Rasiyo mengatakan minimnya serapan Anggaran Pendapatan dan Pembelanjaan Daerah Tahun Anggaran (APBD TA) 2015 yang dilakukan Satuan Kerja Perangkat Daerah (SKPD) Surabaya hanya 35 persen.

Masih kata Rasiyo, rendahnya kinerja dari SKPD tersebut akibat susana yang tidak kondusif dalam bekerja. Semua itu dikarenakan pada internal Pemerintah Kota (Pemkot) dipenuhi rasa ketakutan maupun keterpaksaan.

“Saya sudah memantau kondisi kerja di Pemkot, perlu penataan kembali sehingga kerja SKPD disana menjadi lebih kondusif, yaitu dengan hati,” tegasnya.

Rasiyo menambahkan , pada era pemerintahan Bambang Dwi Hartono (BDH) relatif lebih baik. Rasiyo mencontohkan, era BDH kerja sama yang kondusif antara Pemkot Surabaya dan Pemerintah Provinsi Jawa Timur (Pemprov Jatim) saat menyelesaikan relokasi warga stren Kali Jagir.

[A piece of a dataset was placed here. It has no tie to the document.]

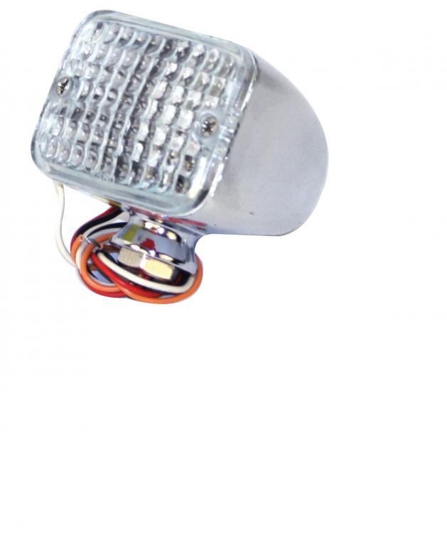 MINI LED TAIL LIGHT ASSEMBLY HAS CLEAR LENS AND SHOWS RED STOP AND TAIL LIGHT AND AMBER INDICATOR, EACH.
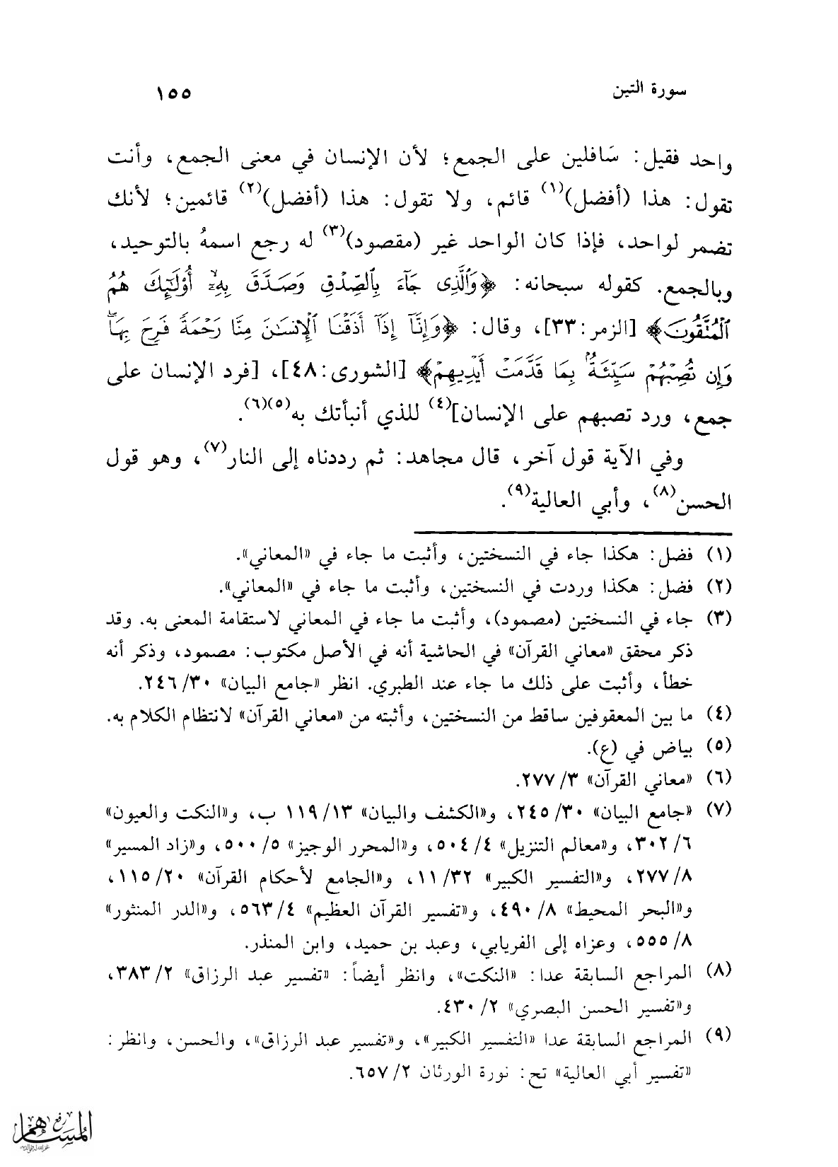واحد فقيل: سَافلين عى الجمع؛ لأن الإنسان في معنى الجمع، وأنت يقول: هذا (أفضل) (¬1) قائم، ولا تقول: هذا (أفضل) (¬2) قائمين؛ لأنك تضمر لواحد، فإذا كان الواحد غير (مقصود) (¬3) له رجع اسمهُ بالتوحيد، وبالجمع. كقوله سبحانه: {وَالَّذِي جَاءَ بِالصِّدْقِ وَصَدَّقَ بِهِ أُولَئِكَ هُمُ الْمُتَّقُونَ} [الزمر: 33]، وقال: {وَإِنَّا إِذَا أَذَقْنَا الْإِنْسَانَ مِنَّا رَحْمَةً فَرِحَ بِهَا وَإِنْ تُصِبْهُمْ سَيِّئَةٌ بِمَا قَدَّمَتْ أَيْدِيهِمْ} [الشورى: 48]، [فرد الإنسان على جمع، ورد تصبهم على الإنسان] (¬4) للذي أنبأتك به (¬5) (¬6).

Kebijakan pada sektor pendidikan juga mendapat penilaian yang berbeda. Terlebih mengenai mutasi pendidik oleh Tri Rismaharini (Risma) adalah sebuah kekeliruan.

Lucy menyampaikan, Pemilihan Kepala Daerah (Pilkada) ini ibarat seperti semut melawan gajah. “Tapi Insya Allah dengan dukungan seluruh warga Surabaya, kami mampu mengatasi perlawanan calon Wali kota dan Wakil Wali kota petahana. Maka kami memohon kepada seluruh warga Surabaya untuk mendukung kami dengan hati yang tulus,” pungkas Lucy.